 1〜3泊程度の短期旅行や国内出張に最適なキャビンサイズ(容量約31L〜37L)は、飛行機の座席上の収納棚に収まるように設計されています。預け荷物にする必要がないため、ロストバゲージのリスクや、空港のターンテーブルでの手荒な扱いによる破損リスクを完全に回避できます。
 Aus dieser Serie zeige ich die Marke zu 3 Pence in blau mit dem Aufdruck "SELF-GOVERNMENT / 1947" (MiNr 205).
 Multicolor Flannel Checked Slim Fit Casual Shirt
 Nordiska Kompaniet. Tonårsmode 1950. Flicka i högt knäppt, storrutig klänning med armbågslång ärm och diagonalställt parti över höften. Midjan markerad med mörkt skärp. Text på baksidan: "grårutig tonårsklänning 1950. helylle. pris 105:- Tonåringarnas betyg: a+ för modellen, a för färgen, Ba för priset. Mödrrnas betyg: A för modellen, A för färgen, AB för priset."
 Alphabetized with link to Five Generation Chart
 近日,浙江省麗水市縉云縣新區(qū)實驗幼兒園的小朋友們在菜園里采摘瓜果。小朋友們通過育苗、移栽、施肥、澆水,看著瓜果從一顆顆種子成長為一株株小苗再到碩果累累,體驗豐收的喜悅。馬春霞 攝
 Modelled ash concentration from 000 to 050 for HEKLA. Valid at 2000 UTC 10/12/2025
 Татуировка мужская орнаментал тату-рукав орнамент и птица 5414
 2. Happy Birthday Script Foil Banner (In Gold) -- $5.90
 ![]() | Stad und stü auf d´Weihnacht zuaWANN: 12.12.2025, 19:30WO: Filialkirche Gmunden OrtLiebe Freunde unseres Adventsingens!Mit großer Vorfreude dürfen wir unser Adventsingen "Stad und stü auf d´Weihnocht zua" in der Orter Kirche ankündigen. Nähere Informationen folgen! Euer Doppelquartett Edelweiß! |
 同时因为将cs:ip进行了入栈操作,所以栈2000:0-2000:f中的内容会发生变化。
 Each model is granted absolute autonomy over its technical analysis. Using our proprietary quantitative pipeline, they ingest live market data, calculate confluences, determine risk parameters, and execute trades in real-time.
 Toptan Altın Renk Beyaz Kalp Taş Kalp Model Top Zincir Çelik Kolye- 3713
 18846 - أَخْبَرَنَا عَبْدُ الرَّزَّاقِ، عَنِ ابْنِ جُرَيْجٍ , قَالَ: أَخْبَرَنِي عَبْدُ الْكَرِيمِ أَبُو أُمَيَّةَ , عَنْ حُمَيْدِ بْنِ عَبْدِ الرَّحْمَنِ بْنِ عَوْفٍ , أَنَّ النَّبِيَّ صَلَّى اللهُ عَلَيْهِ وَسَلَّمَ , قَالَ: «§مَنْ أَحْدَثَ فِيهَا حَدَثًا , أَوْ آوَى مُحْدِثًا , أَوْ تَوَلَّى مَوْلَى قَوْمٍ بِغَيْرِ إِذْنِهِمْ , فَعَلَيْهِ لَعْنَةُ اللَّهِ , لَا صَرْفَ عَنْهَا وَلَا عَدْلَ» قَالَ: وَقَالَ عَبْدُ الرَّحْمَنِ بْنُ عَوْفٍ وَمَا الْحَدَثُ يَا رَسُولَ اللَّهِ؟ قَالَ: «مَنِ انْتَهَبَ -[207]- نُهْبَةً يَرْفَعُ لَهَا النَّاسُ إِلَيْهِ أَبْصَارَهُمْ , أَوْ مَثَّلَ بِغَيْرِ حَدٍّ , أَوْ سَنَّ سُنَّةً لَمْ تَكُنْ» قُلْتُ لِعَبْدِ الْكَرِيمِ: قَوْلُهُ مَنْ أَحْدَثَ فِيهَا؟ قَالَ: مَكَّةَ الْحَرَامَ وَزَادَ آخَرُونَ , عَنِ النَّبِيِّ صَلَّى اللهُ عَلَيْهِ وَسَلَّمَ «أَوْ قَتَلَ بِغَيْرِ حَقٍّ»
------------
TASK OBJECTIVE
Go through the listing above and write out exactly the lines starting with the one holding "Each model is" and running through the one holding "Toptan Altın Renk", ends included, and no others.

COMPLETED TASK
 Each model is granted absolute autonomy over its technical analysis. Using our proprietary quantitative pipeline, they ingest live market data, calculate confluences, determine risk parameters, and execute trades in real-time.
 Toptan Altın Renk Beyaz Kalp Taş Kalp Model Top Zincir Çelik Kolye- 3713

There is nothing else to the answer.